CARDIN: Well, let me conclude on one other case that you ruled on, where I also agree with your decision. That’s the Ford v. McGinnis, where you wrote a unanimous panel opinion overturning a district court summary judgment finding in favor of the Muslim inmate who was denied by prison officials’ access to his religious meals marking the end of Ramadan.

You held that the inmate’s fundamental rights were violated and that the opinions of the department of correction and religious authorities cannot trump the plaintiff’s sincere and religious beliefs…

[snip]

SOTOMAYOR: In the Ford case that you just mentioned, the question there before the court was, did the district court err in considering whether or not the religious belief that this prisoner had was consistent with the established traditional interpretation of a meal at issue, OK?

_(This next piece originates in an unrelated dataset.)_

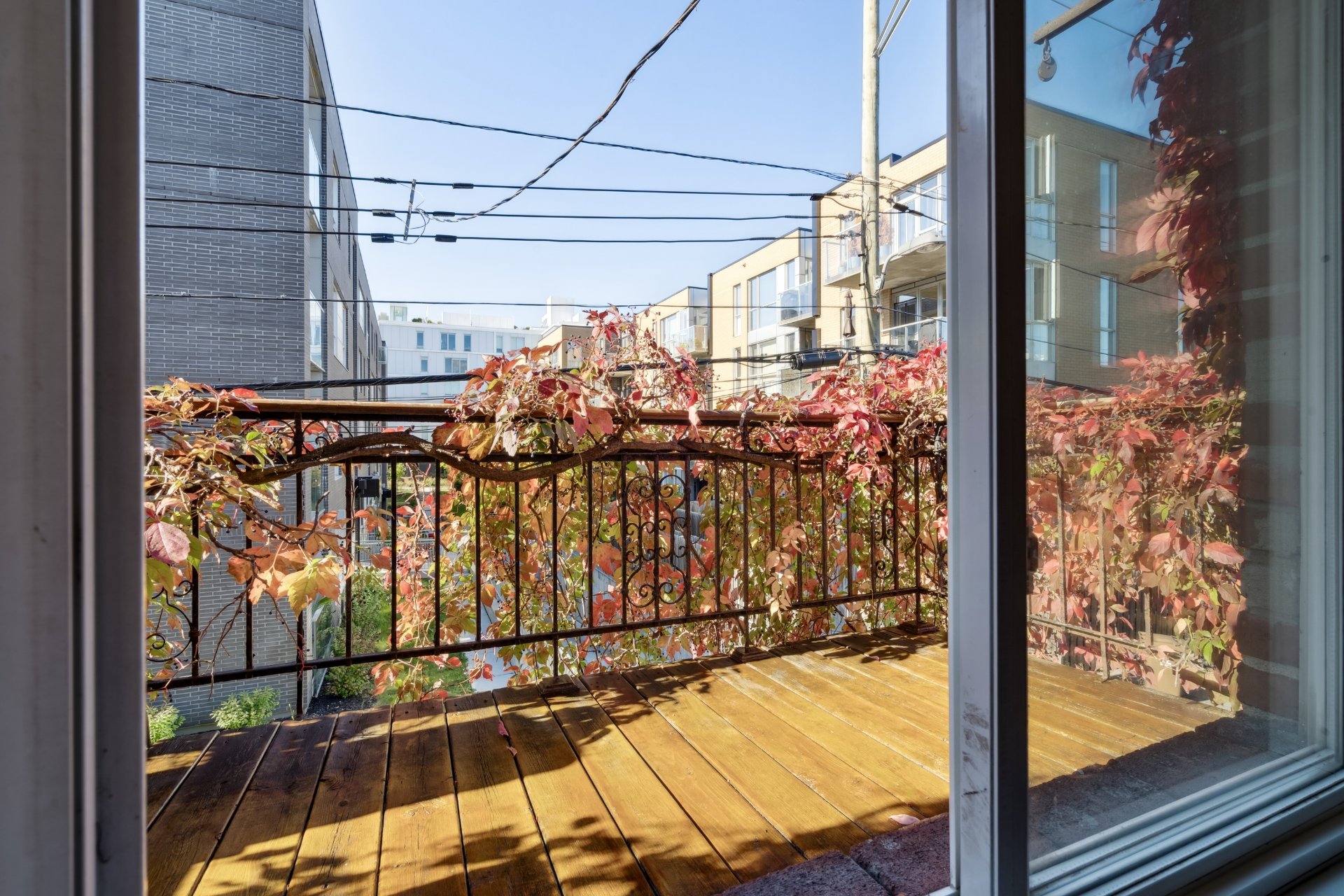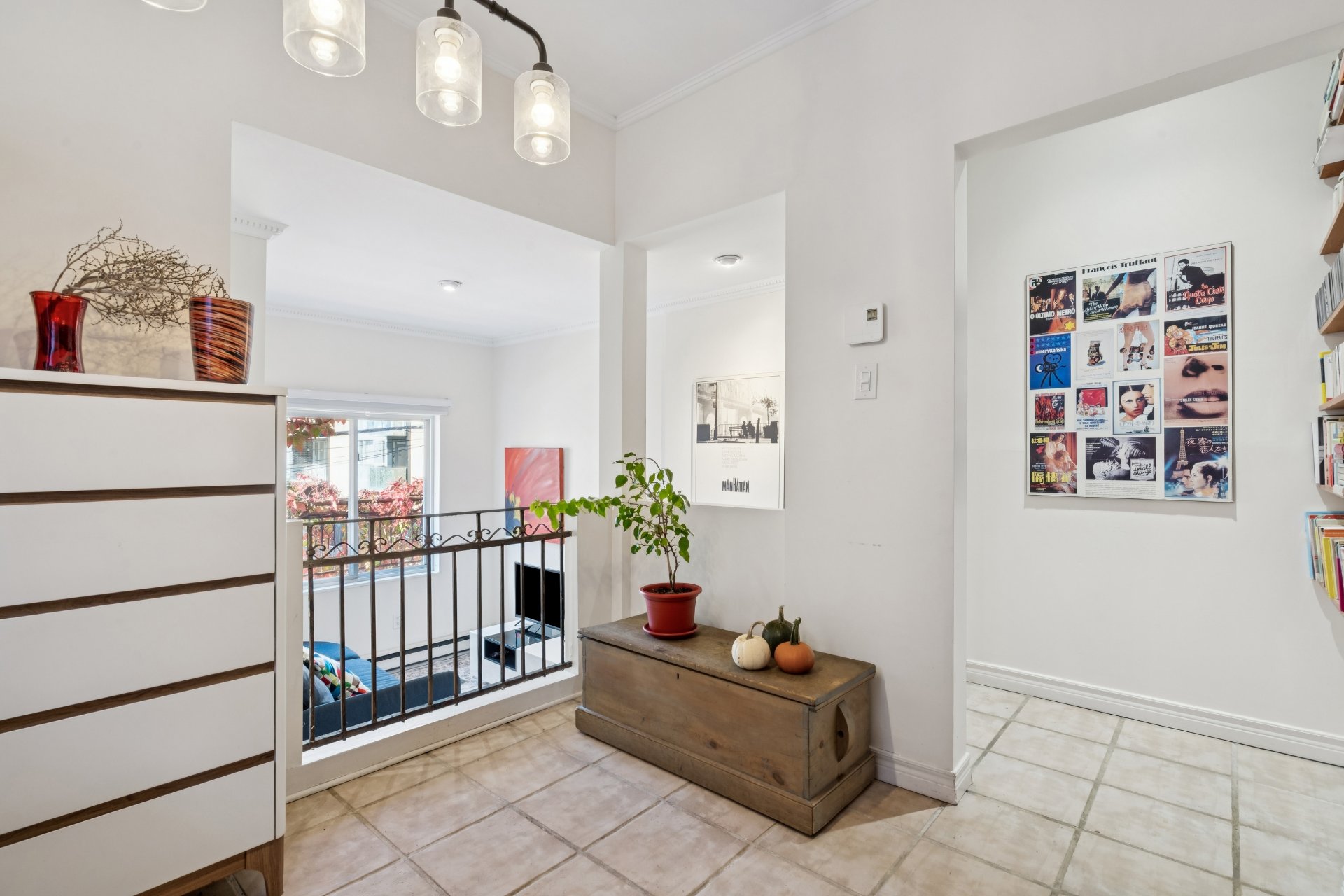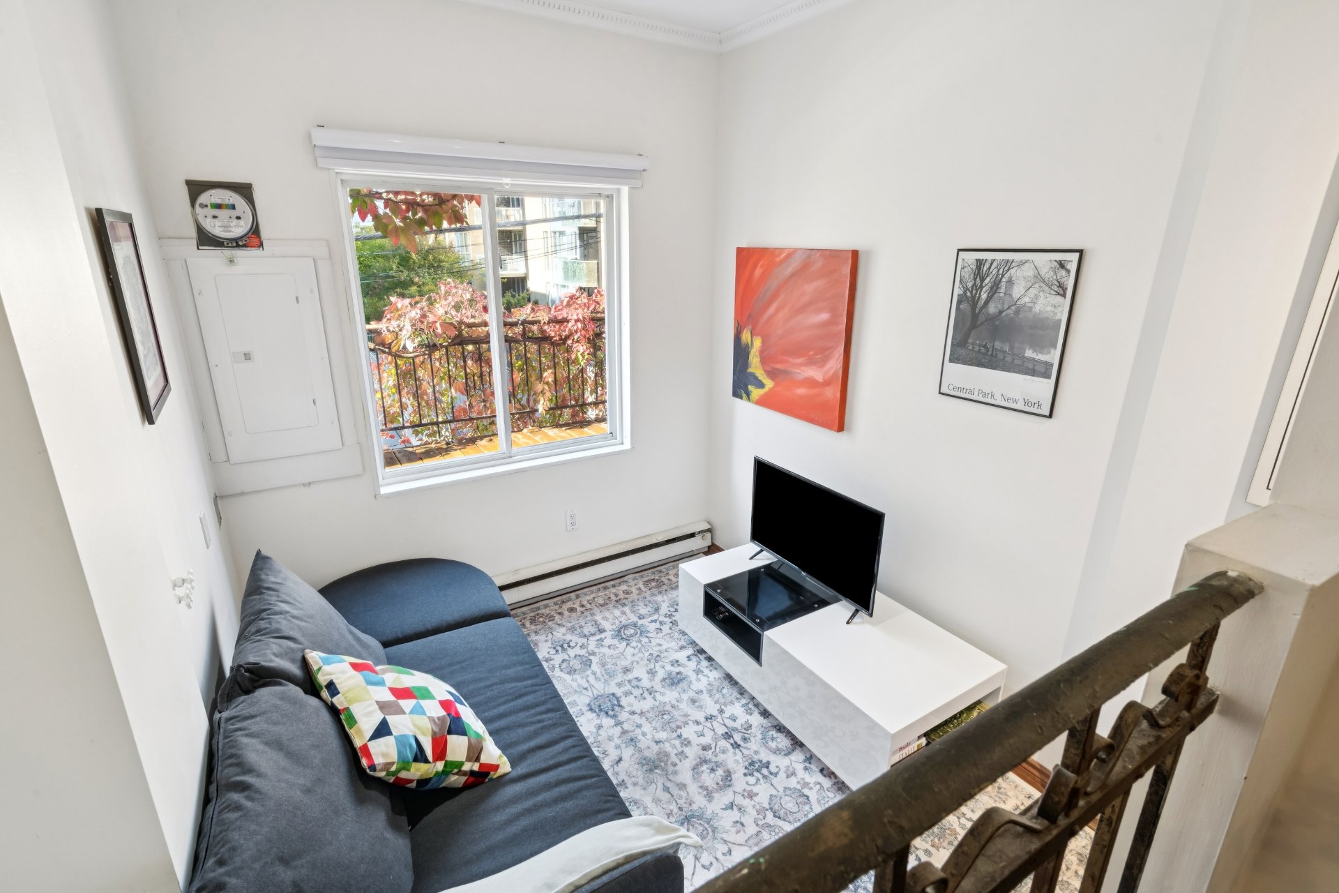 iron interior railing and charming French folding doors.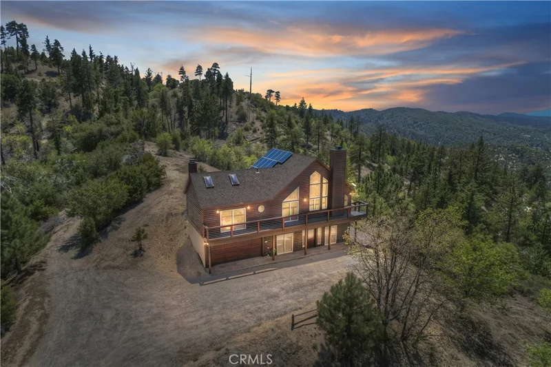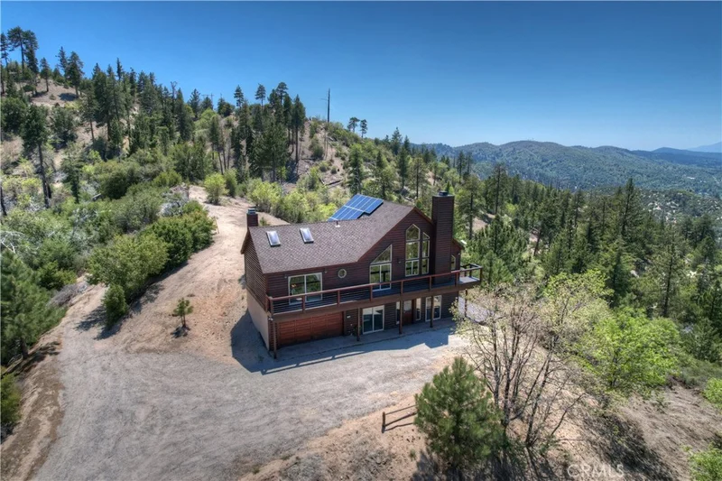 !!!VIEWS & MORE VIEWS!!! A rare opportunity! Escape to your own mountain sanctuary on five acres in the coveted Crab Flats area of Green Valley Lake. This stunning 5-bedroom, 2-bathroom home showcases breathtaking panoramic views of the mountains, hills, high desert, and Lake Arrowhead stretching across the distant valley, where every sunset becomes a daily celebration on your expansive estate. The wraparound deck and multiple dual pane windows frame spectacular vistas while flooding the rooms with natural light. The outdoor jacuzzi provides the perfect vantage point for soaking in legendary sunsets while nature's soundtrack plays around you. The Bottom level features the front door leading into the open foyer, bedroom 1 with garage access and separate outdoor access, bedroom 2, the laundry room, bonus office nook, the full bathroom, and bedroom 3 with bottom deck access to the jacuzzi. Head up to the Main level and immediately notice the beautiful vaulted beamed ceilings, sunken living room with river rock fireplace, wraparound deck access, and even more expansive views. There is always plenty of room in the dining area and kitchen for indoor entertaining! The Main level also features bedroom 2 with exterior access, the full bathroom with dual sinks, and the primary bedroom with exterior access, bright skylights, walk-in closet, and its own river rock fireplace. The solar and Generac-powered, off-grid design appeals to those valuing sustainability and self-sufficiency. The attached two-car garage provides convenient storage for vehicles and outdoor gear essential for adventure enthusiasts. What truly sets this property apart is its remarkable seclusion across five private acres. Away from traffic and urban noise, this peaceful haven offers the rare opportunity to disconnect and recharge while maintaining modern comforts on your own mountain estate. The surrounding wilderness also provides endless recreational opportunities, making this an ideal basecamp for hiking, fishing, off-roading, mtn or dirt biking, and exploring Green Valley Lake and other mountain regions. This is more than a home - it's a lifestyle choice for those ready to embrace tranquil mountain living with unforgettable views.

And what I was doing was applying very important Supreme Court precedent that said, it’s the subjective belief of the individual. Is it really motivated by a religious belief?

It’s one of the reasons we recognize conscientious objectors, because we’re asking a court not to look at whether this is orthodox or not, but to look at the sincerity of the individual’s religious belief and then look at what the state is doing in light of that. So that was what the issue was in Ford.

It’s reassuring to see Sotomayor recognizes that what is important in deciding a person’s right to free exercise of religion is not whether an establishment thinks a particular tradition is necessary or unnecessary to the practice of an individual’s religion, but whether that individual perceives it to be. Sotomayor has a good record of upholding that standard, and her rulings have maintained government neutrality between all faiths—whether mainstream or nontraditional.

However, I would like to see a member of the Judicial Committee ask Sotomayor her opinion on government neutrality between faith and non-faith. Is my right to any aspect of my humanist philosophy the same as any Christian’s right to any aspect of their faith? Or, to use an example cited by Sotomayor, would she recognize an atheist as a conscientious objector?